*** Block opens ***

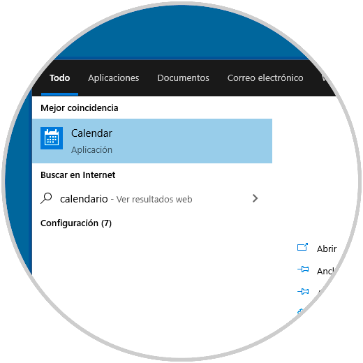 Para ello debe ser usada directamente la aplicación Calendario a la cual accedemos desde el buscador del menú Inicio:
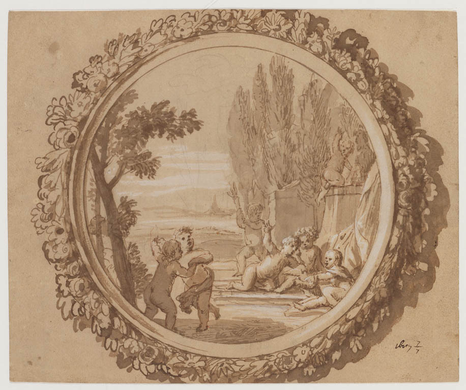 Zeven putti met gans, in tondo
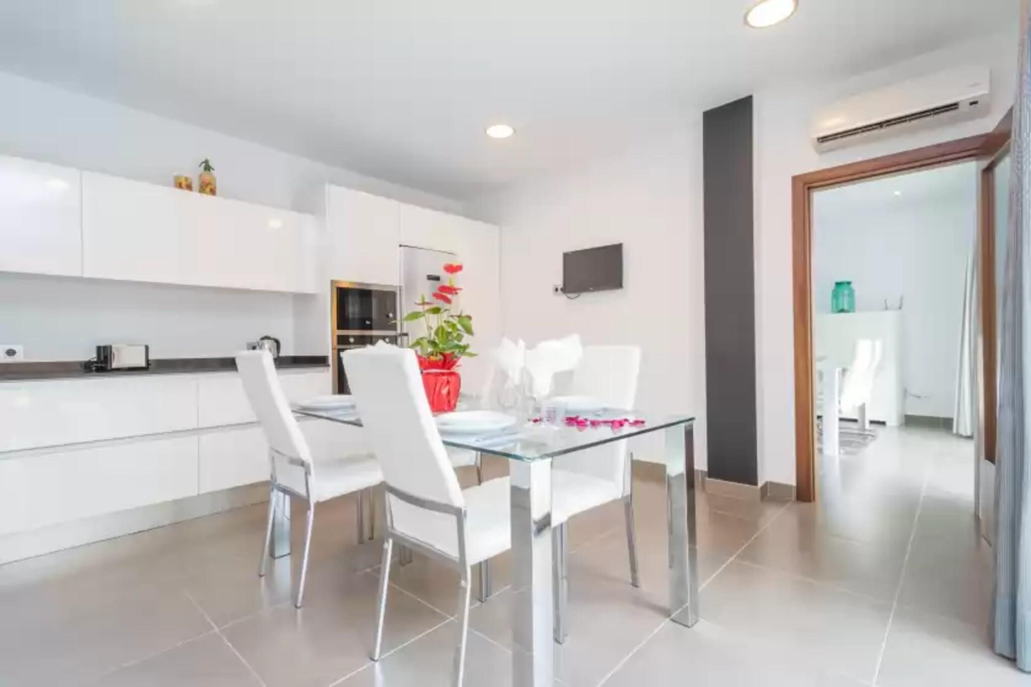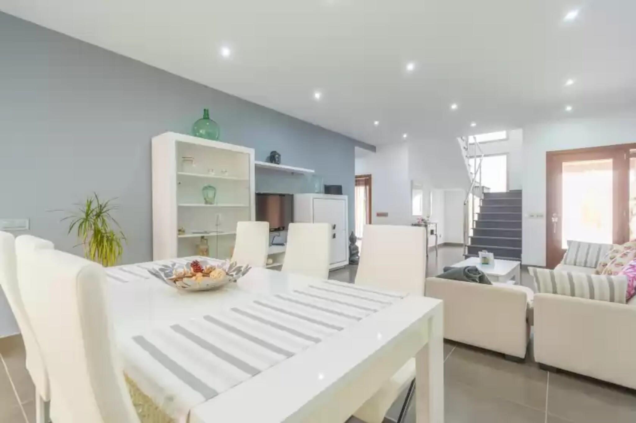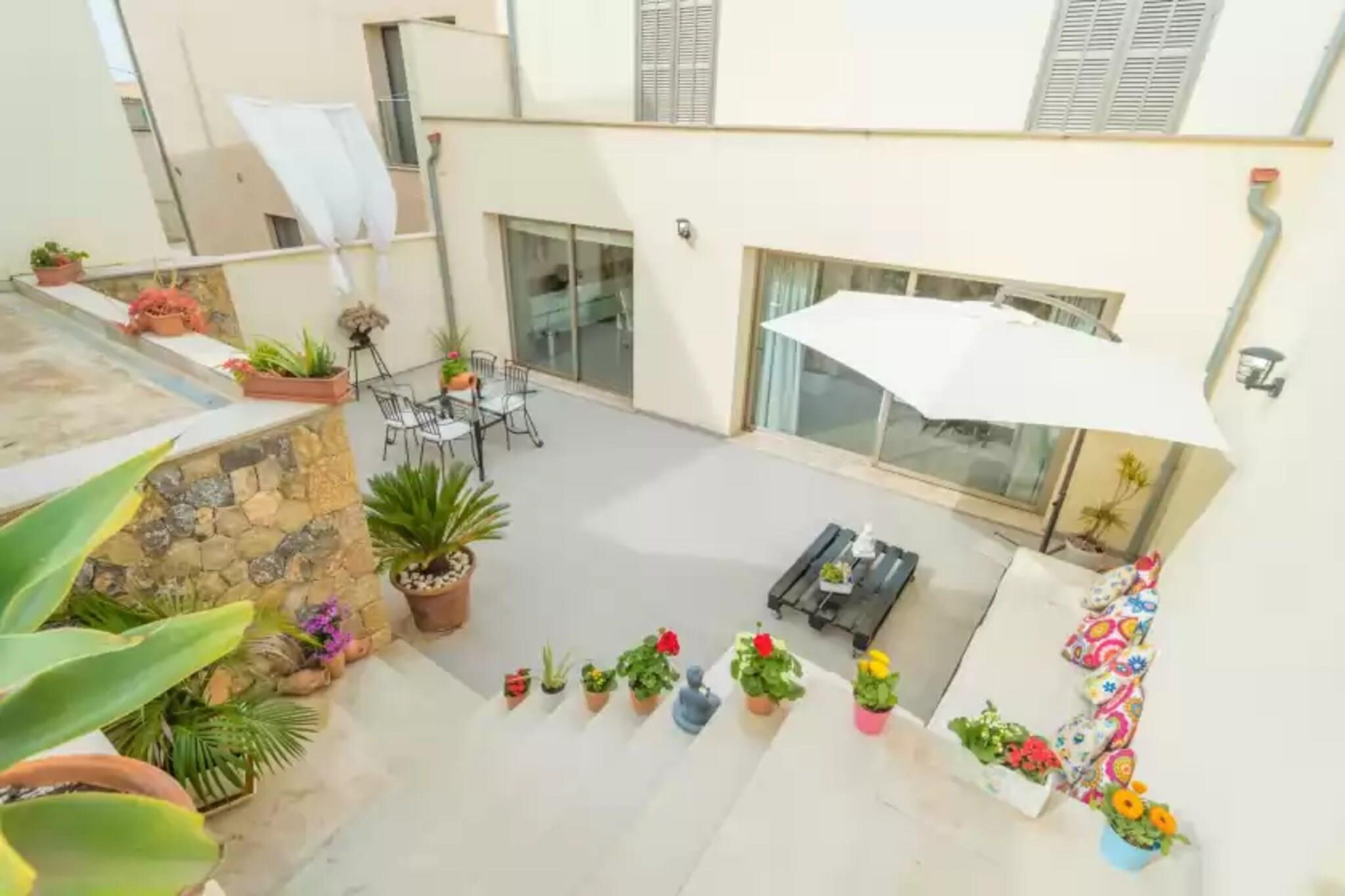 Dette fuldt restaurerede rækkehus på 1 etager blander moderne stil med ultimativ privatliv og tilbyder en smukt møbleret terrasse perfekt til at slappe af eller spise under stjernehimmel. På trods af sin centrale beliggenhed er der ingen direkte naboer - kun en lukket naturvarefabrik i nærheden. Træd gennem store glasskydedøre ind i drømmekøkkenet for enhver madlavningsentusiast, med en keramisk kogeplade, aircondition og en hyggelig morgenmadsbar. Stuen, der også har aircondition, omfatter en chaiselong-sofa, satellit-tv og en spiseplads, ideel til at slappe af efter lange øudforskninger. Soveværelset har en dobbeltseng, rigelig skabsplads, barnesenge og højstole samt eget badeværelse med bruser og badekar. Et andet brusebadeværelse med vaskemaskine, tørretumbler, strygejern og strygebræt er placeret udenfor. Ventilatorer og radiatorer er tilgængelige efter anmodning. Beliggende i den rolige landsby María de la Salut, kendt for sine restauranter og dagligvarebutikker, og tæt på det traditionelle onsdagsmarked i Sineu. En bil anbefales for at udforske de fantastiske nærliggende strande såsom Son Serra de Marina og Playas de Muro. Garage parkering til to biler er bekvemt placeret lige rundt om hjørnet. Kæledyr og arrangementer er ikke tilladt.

*** Block closes ***

Every line of the listing is to be repeated exactly, and the pictures are to be dropped.

 Para ello debe ser usada directamente la aplicación Calendario a la cual accedemos desde el buscador del menú Inicio:
 Zeven putti met gans, in tondo
 Dette fuldt restaurerede rækkehus på 1 etager blander moderne stil med ultimativ privatliv og tilbyder en smukt møbleret terrasse perfekt til at slappe af eller spise under stjernehimmel. På trods af sin centrale beliggenhed er der ingen direkte naboer - kun en lukket naturvarefabrik i nærheden. Træd gennem store glasskydedøre ind i drømmekøkkenet for enhver madlavningsentusiast, med en keramisk kogeplade, aircondition og en hyggelig morgenmadsbar. Stuen, der også har aircondition, omfatter en chaiselong-sofa, satellit-tv og en spiseplads, ideel til at slappe af efter lange øudforskninger. Soveværelset har en dobbeltseng, rigelig skabsplads, barnesenge og højstole samt eget badeværelse med bruser og badekar. Et andet brusebadeværelse med vaskemaskine, tørretumbler, strygejern og strygebræt er placeret udenfor. Ventilatorer og radiatorer er tilgængelige efter anmodning. Beliggende i den rolige landsby María de la Salut, kendt for sine restauranter og dagligvarebutikker, og tæt på det traditionelle onsdagsmarked i Sineu. En bil anbefales for at udforske de fantastiske nærliggende strande såsom Son Serra de Marina og Playas de Muro. Garage parkering til to biler er bekvemt placeret lige rundt om hjørnet. Kæledyr og arrangementer er ikke tilladt.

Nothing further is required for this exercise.